Die Messungen zeigen außerdem, dass unterschiedliche Bewegungsrichtungen zu unterschiedlichen Kraftwerten führen können, weil jeweils andere Muskeln und Teile der Schulterkette an der Bewegung beteiligt sind.
Zahlen können zusätzlich motivieren
Ein unerwarteter Vorteil der Messung ist für mich der Motivationsfaktor. Schon kleine Veränderungen werden sichtbar: ein halbes Kilogramm, ein Kilogramm oder mehr zusätzliche Kraft. Dadurch wird die eigene Entwicklung unmittelbar nachvollziehbar. Gerade diese objektiven Zahlen können einen zusätzlichen Anreiz schaffen, das Training konsequent weiterzuführen.
Fazit
Die No-Hangs-Studie sollte aufgrund ihrer methodischen Schwächen nicht als eindeutiger Beleg für die Wirksamkeit des Trainings verstanden werden. Gleichzeitig gibt es interessante wissenschaftliche Grundlagen und praktische Erfahrungen, die das Konzept weiterhin spannend machen.
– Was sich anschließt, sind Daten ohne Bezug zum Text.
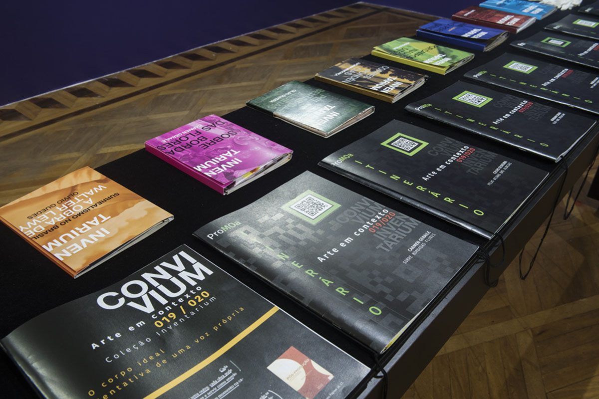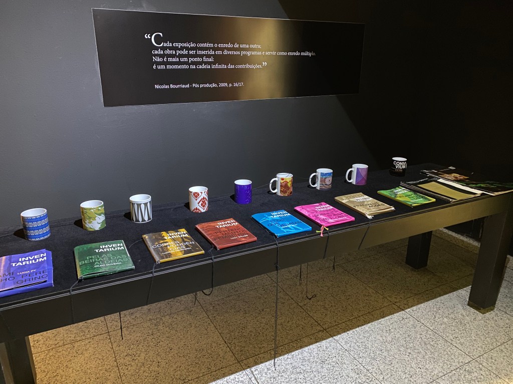 artes gráficas: sinalização da exposição, coleção de cartazes, banners (voil), publicação Itinerario I, Edição Itinerário Individuais Artistas, coleção Inventarium (cadernos de conduta) marcadores de livro, gravuras, canecas.

Für mich liegt der größte Vorteil des Kollagentrainings in der Kombination aus geringer Belastung, wenig Zeitaufwand und einfacher Integration in das Training. Wobei ich persönlich eine wesentlich Verbesserung der Sehnensteifigkeit empfinde. Die tatsächlichen Anpassungen und die optimale Dosierung sind wissenschaftlich allerdings noch nicht abschließend geklärt.